3.1 Fehlende Spruchreife

 

Rz. 31

Ein Bescheidungsurteil ergeht grds. subsidiär zu einem Verpflichtungsurteil, wenn die Sache nicht spruchreif ist. Anstelle eines Verpflichtungsurteils im eigentlichen Sinn ergeht dann als ein Weniger ein Bescheidungsurteil. An der Spruchreife für ein Verpflichtungsurteil fehlt es, wenn die Tatsachen, die den vom Kläger geltend gemachten Rechtsanspruch auf Erlass des Verwaltungsakts begründen, vom Gericht nicht festgestellt werden können. Das Gericht muss aber in jedem Fall die für ein Bescheidungsurteil erforderliche Spruchreife herstellen.

 

Rz. 32

Ist Spruchreife für ein Verpflichtungsurteil im eigentlichen Sinn gegeben, könnte dem Kläger für ein Bescheidungsurteil das Rechtsschutzbedürfnis fehlen. Es könnte dem Grundsatz der Prozessökonomie widersprechen, die Verwaltung nur zur Neubescheidung zu verurteilen, wenn der Kläger im gleichen Prozess sein eigentliches Ziel, nämlich die Verpflichtung der Behörde zum Erlass des Verwaltungsakts, erreichen kann. Beharrt der Kläger bei Spruchreife trotz Belehrung durch das Gericht nach § 76 Abs. 2 FGO auf einem Bescheidungsantrag, so ist dennoch ein Bescheidungsurteil zu erlassen unter Abweisung der Klage im Übrigen, da der Streitgegenstand der Bescheidungsklage im Wesentlichen dem der Verpflichtungsklage entspricht. Eine Verurteilung der Behörde zum Erlass des Verwaltungsakts scheidet wegen § 96 Abs. 1 S. 2 FGO aus.[1]

[1] Lange, in HHSp, AO/FGO, § 101 FGO Rz. 48, 41.
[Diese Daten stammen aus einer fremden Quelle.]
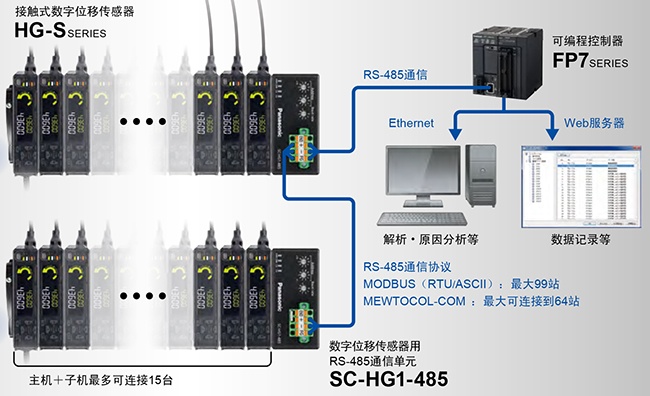 上位(RS-485) | MODBUS(RTU/ASCII)設定時站數(shù):99臺以下 / MEWTOCOL-COM設定時站數(shù):64臺以下 | ||||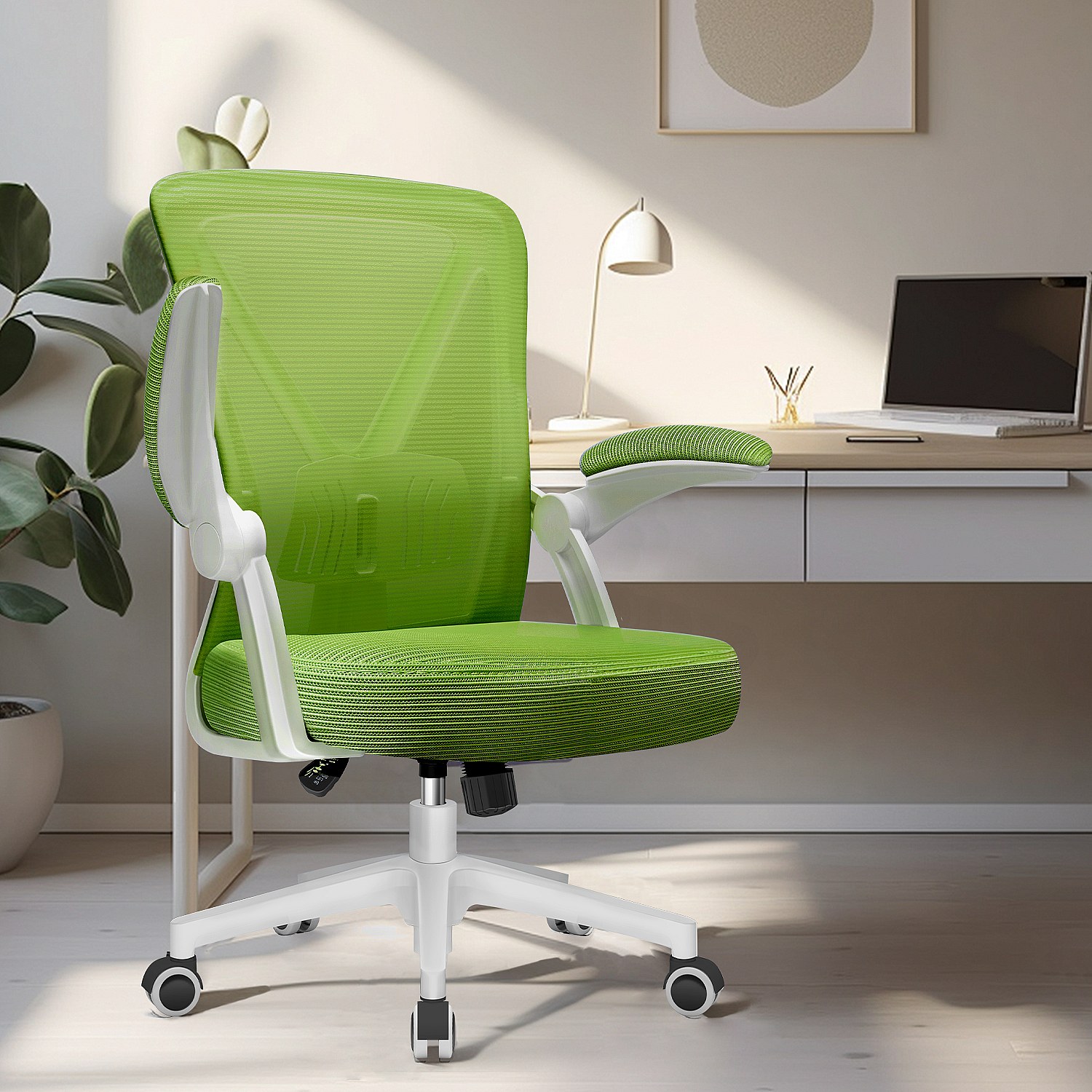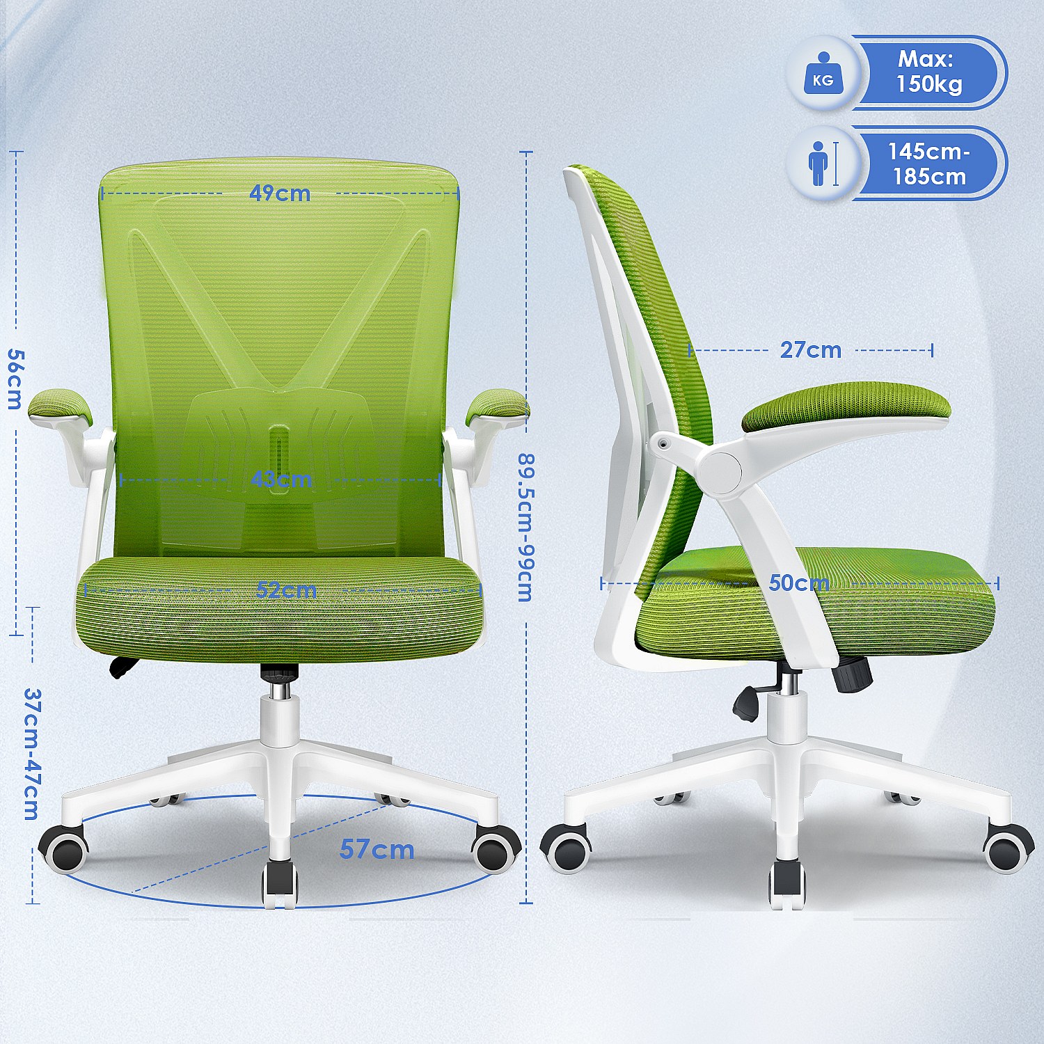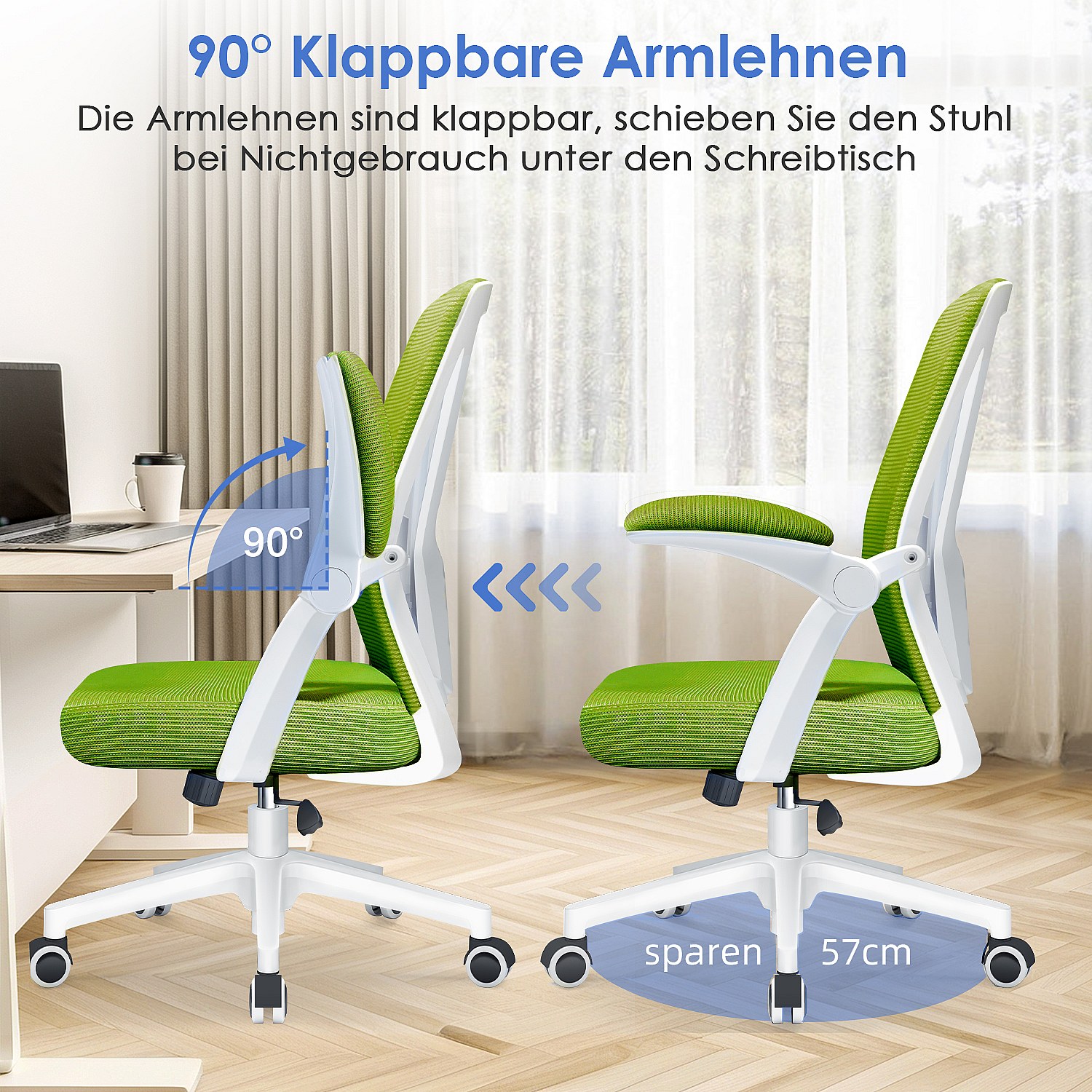 Bürostuhl - Ergonomischer Bürostuhl mit klappbaren Armlehnen - 360° Drehstuhl - Lendenwirbelstütze mit Höhenverstellung - 125° Wippfunktion - 150kg

3.2 Ermessen und Beurteilungsspielraum der Verwaltung

 

Rz. 33

Hat der Kläger, obwohl die Ablehnung des Verwaltungsakts rechtswidrig war, keinen Rechtsanspruch auf Erlass des begehrten Verwaltungsakts durch die Behörde, weil dessen Erlass in deren Ermessen steht oder ihr vom Gesetzgeber bei der Feststellung der für den Erlass des Verwaltungsakts notwendigen Voraussetzungen ein Beurteilungsspielraum eingeräumt ist, kommt nur ein Bescheidungsurteil in Betracht. . So kann dies beispielsweise vorliegen, wenn bei der Überprüfung von Ermessensentscheidungen auf der Ebene der Ermessensprüfung (nicht auf der Tatbestandsebene) die Behörde von einem unvollständigen Sachverhalt ausgegangen ist.[1] In solchen Fällen, abgesehen von der Ermessensreduzierung auf Null, hat der Kläger keinen Rechtsanspruch auf Erlass des begehrten Verwaltungsakts, sondern allein auf fehlerfreie Entscheidung über seinen Antrag.[2] Es kommt daher allein aus diesem Grund nur ein Bescheidungsurteil in Betracht. Es handelt sich nicht um ein dem Verpflichtungsurteil gem. § 101 S. 1 FGO subsidiäres Urteil. Vielmehr ist, will der Kläger kein Kostenrisiko tragen, allein ein Bescheidungsantrag zu stellen. Denn nur ein solcher kann begründet sein. Die Sache muss für ein originäres Bescheidungsurteil insoweit spruchreif sein, als die Tatsachen feststehen, die einen Anspruch auf Ermessensentscheidung begründen (Tatbestandsseite), sowie die Tatsachen feststehen, die für die Überprüfung der Verwaltungsentscheidung auf Ermessensfehler durch das Gericht[3] erforderlich sind.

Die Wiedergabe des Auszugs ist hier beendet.